In phase I (Table 2), blinded control participants obtained a mean of 616 fewer steps/day (6% decrease) whereas unblinded participants increased their steps/day by a mean of 408 (4% increase). The between‐group differential was nonsignificantly higher in the unblinded group versus blinded controls by 1024 steps/day (95% CI, −580 to 2628; P=0.21).
Table 2.
Changes in Activity Outcomes With Phase I and II Interventions
| Unblind (n=32) Mean Change±SD | Blind (n=16) Mean Change±SD | Unblind–Blind Mean Difference (95% CI), P Value | |
|---|---|---|---|
| Phase I | |||
| Steps, count/daya | 408±2701 | −616±2385 | 1024 (−580 to 2628), P=0.21 |
| Activity time, min/day | 2±27 | −6±26 | 8 (−9 to 25), P=0.33 |
| Aerobic time, min/day | −3±12 | −11±14 | 8 (0–16), P=0.05 |
|
Texts (n=16) |
No Texts (n=16) |
Blind (n=16) |
Texts–No Texts | Texts–Blind | No Texts–Blind | |
|---|---|---|---|---|---|---|
| Mean Change±SD | Mean Difference (95% CI), P‐value | |||||
| Phase II | ||||||
| Steps, count/daya | 2334±1714 | −200±1653 | −1042±2202 | 2534 (1318–3750), P<0.001 | 3376 (1951–4801), P<0.001 | 842 (−564 to 2248), P=0.23 |
| Activity time, min/day | 21±20 | 0±17 | −8±23 | 21 (8–34), P=0.003 | 29 (13–45), P<0.001 | 8 (−7 to 23), P=0.28 |
| Aerobic time, min/day | 13±11 | −1±8 | −3±10 | 14 (7–21), P<0.001 | 16 (7–23), P<0.001 | 2 (−6 to 8), P=0.71 |
Primary outcome. CI indicates confidence interval.
In phase II (Table 2), the blinded group further decreased its activity by 1042 steps/day (11% decrease) whereas the unblinded–no texts group decreased by 200 steps/day (<1% change). In contrast, the unblinded‐texts group obtained 2334 more steps/day (25% increase). The differential in activity levels was significant; participants receiving texts increased their daily steps over those not receiving texts by 2534 (95% CI, 1318–3750; P<0.001) and over blinded controls by 3376 (95% CI, 1951 to 4801; P<0.001).
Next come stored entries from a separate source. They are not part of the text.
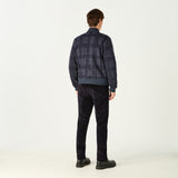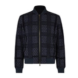 Get prepared for autumn with this exclusive geo check navy blue bomber jacket. Being fully reversible it enables versatility, making this the perfect addition to your wardrobe to transition from season to season. The jacket is designed with a full zip fastening, ribbed collar, ribbed cuffs, ribbed hem and flap pockets with snap fastening on both sides. Made in Italy using our 130th anniversary signature Geo Check print from 100% woollen fabric on one side, with classic MA-1 styling on the reverse, this luxurious piece is ideal for the smart casual look.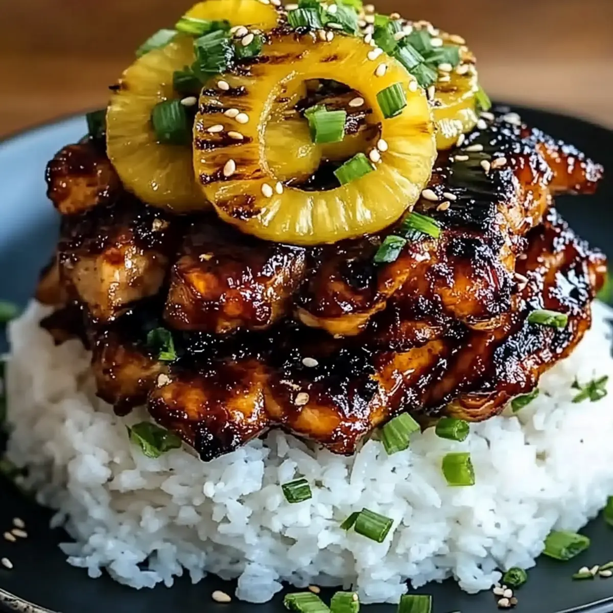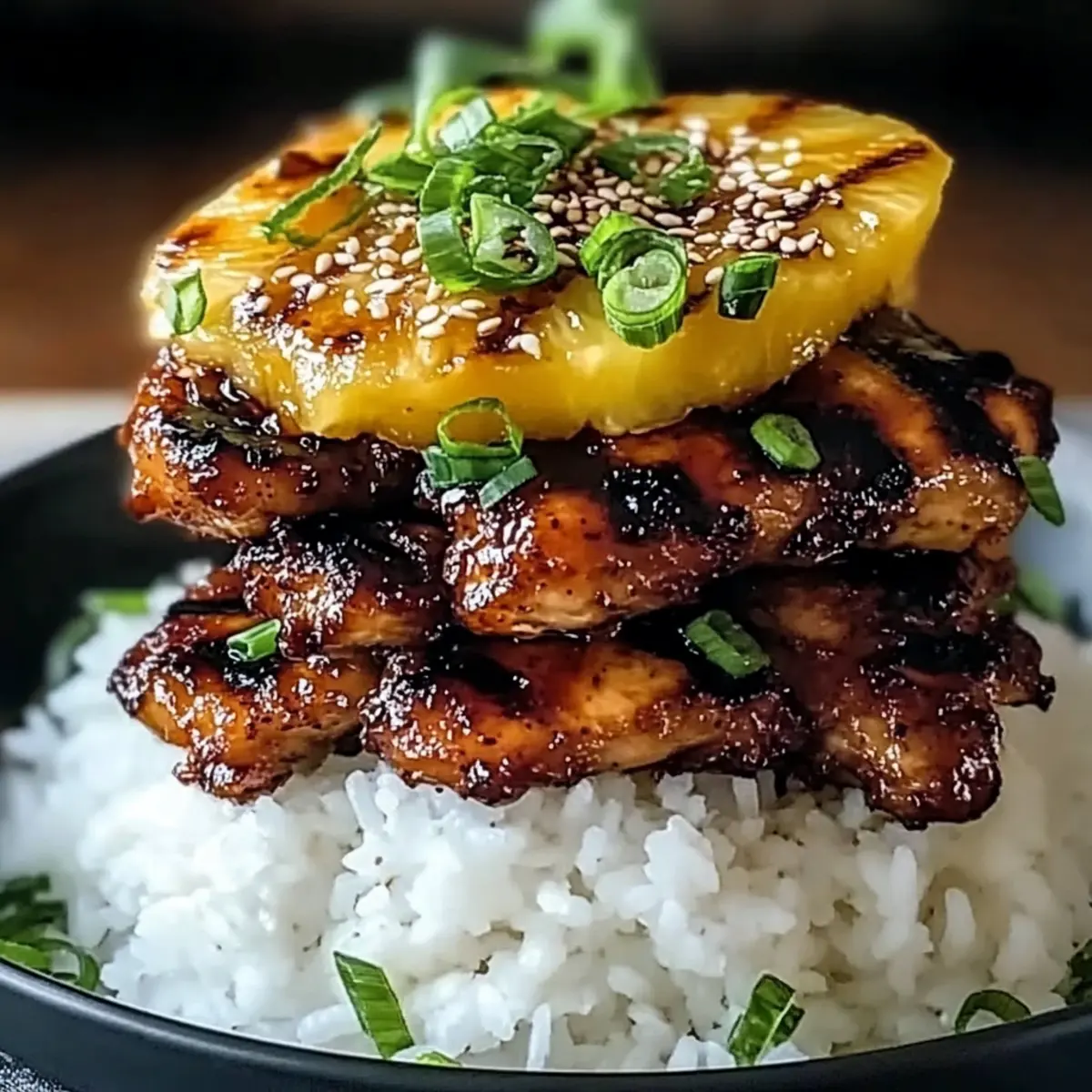 To serve, start with a generous spoonful of cooked white rice on each plate, creating a fluffy base. Layer the grilled chicken on top, followed by a slice of grilled pineapple. Drizzle over the thickened glaze for that final touch, then garnish with sliced green onions and sesame seeds for added color and crunch.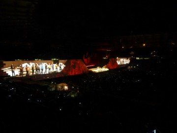 The Wall Live approda allo Stadio Olimpico di Roma, cornice perfetta per il ritorno nel nostro paese di uno degli spettacoli più straordinari della storia del rock. La scenografia è stata ingrandita e migliorata per i concerti "open air", anche il suono e gli arrangiamenti cambiano: tutto diventa più colossale e allo stesso tempo più coinvolgente. Ora, sul muro, vengono proiettati anche i primi piani dei musicisti, accompagnati da animazioni, filmati e dai soliti pupazzi giganti, che in uno stadio come questo sembrano rimpiccioliti. Il pubblico rimane a bocca aperta già alla fine di In The Flesh?, il primo brano, sballottato tra musica, luci, fuochi d'artificio e dall'aereo che si schianta vicino al palco. I suoni sempre più avvolgenti e i nuovi arrangiamenti, danno un tocco di freschezza nuova all'opera; i brani scorrono in modo più fluido rispetto al precedente tour. Unico neo, il microfono che non funziona nella prima strofa di Nobody Home, ma Waters riesce a scherzarci su. Roger dedica il concerto a Jean Charles de Menezes, ragazzo ucciso a Londra perchè scambiato per un terrorista. Il concerto termina con Waters e la band che cantano e suonano insieme a tutto lo stadio una italianissima "alè oh oh"!!! Stando a quanto hanno scritto i giornali erano presenti 40/50 mila persone, anche se credo che fossero almeno 60 mila, tutti appagati pienamente, visti i commenti che si sentivano. Fabrizio Taricco |
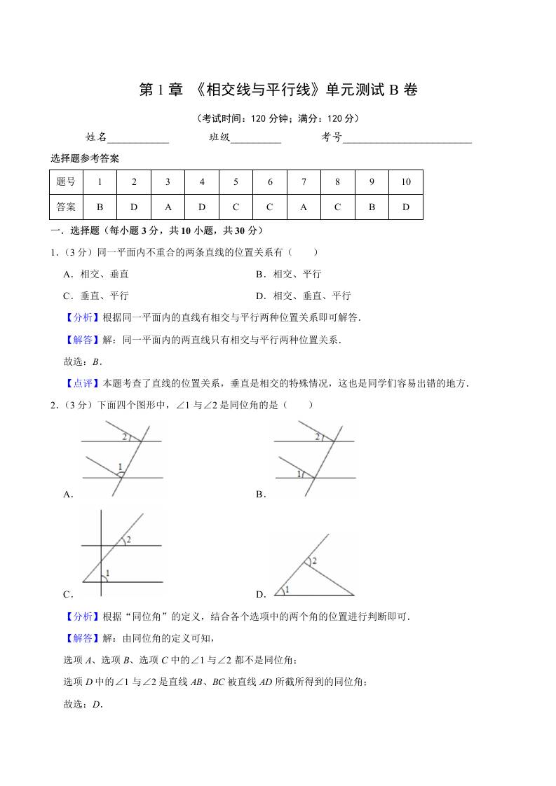 第1章 相交线与平行线(单元测试B卷)(解析版)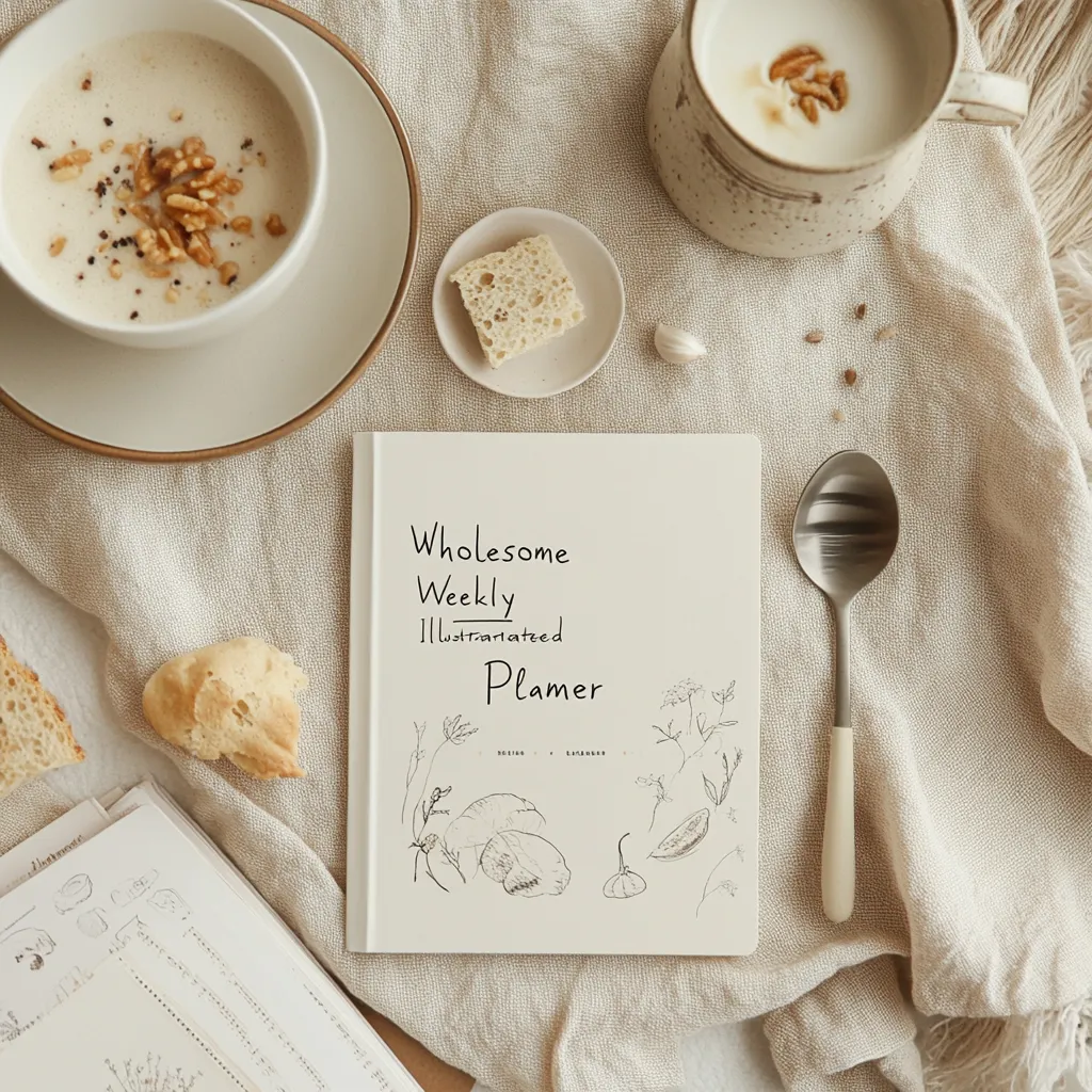 Wholesome Weekly Cream Illustrated Planner - Elegant Meal & Nutrition Organizer for Health-Conscious Users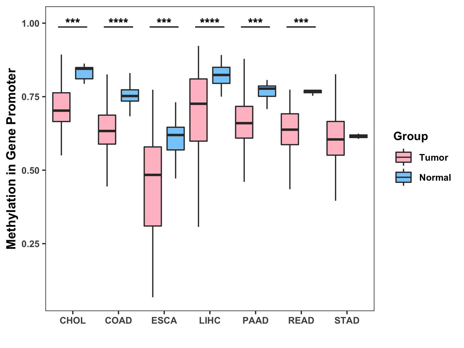 Boxplot of All Gastrointestinal Cancer ( * : 0.01-0.05 , ** : 0.005-0.01 , *** : 0.0001-0.005 , **** : < 0.0001 ) |

At baseline, 23 (48%) participants had a daily step count ≥10 000 steps/day, 9 (56%) in the blinded group and 14 (44%) in the unblinded group (Figure 2). In phase I, the ≥10 000 step/day goal was attained by 1 less participant in both the blinded group (8 of 16; 50%) and unblinded group (13 of 32; 41%). In phase II, the number of participants meeting the 10 000 steps/day goal was 7 (44%) in both the blinded‐ and unblinded–no texts groups. In contrast, 13 (81%) participants who were unblinded and receiving smart texts achieved a daily step count ≥10 000 steps/day (37% absolute increase and 84% relative increase over other groups; P=0.02).
Figure 2.
Proportions attaining the 10 000 steps/day goal at baseline, in phase I, and phase II, by intervention group. Forty‐eight percent of participants attained the 10 000 step/day goal at baseline. No significant change or between‐group difference was observed in phase I, whereas in phase II, the unblinded‐texts group showed a 37% absolute increase and 84% relative increase over other groups in 10 000 steps/day attainment (P=0.02).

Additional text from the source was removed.